Strengths and weaknesses
This is the first study to analyse real-life consumers’ information needs and concerns about DMARDs via a caller helpline. These enquiries were initiated proactively, predominately by the patients themselves or a significant other (family, friend, carer), for a genuine medicines information gap or concern related to a conventional or biologic DMARDs. Unlike other observational studies, where patients are invited to identify areas of concern or information needs through a questionnaire, interview or focus group, this study is a real-time capture of a population of DMARDs users. These callers had a genuine medicines information need unanswered in their usual physician-patient encounters or through other traditional sources where their uncertainty was sufficient to motivate them to actively help-seek. The longitudinal nature of the data captured over eight years, including the timeframe when the use of bDMARDs became available, provide an understanding of how consumers might manage uncertainty associated with novel and expensive medicines.

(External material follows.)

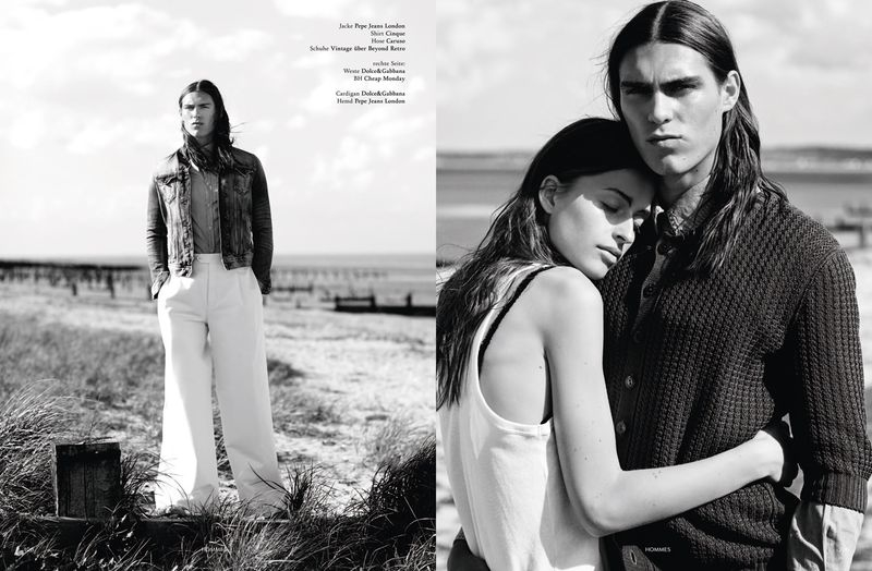 Open Sky, Wild Waves–Photographed for L’Officiel Hommes Germany, model Travis Smith connects with stylist Way Perry and photographer Neil Gavin for a picturesque summer story. Linking up with model Regitze Christensen, Travis is pictured in a mix of oversized and slim styles, ranging from wide-cut trousers to a slim fitting pair of denim jeans.

This study has limitations, including that the MCC repository contains data collected as part of a health service which was not developed for research purposes. As such, variables of interest to future researchers may not be held in the database. DMARDs were extracted from the database using ATC codes; therefore, cases could not be consistently assessed by a specific DMARD indication, such as RA. Secondly, MCC callers represent only a part of the total group of DMARDs users in Australia. However, the representation of calls was comparable to ROCs, originating from all states and territories and across metropolitan, rural and remote areas. Following on from data completion in 2010, further DMARDs particularly bDMARDs and the targeted synthetic DMARDs have become available for use in Australia and data on these newer agents are therefore lacking (59, 60).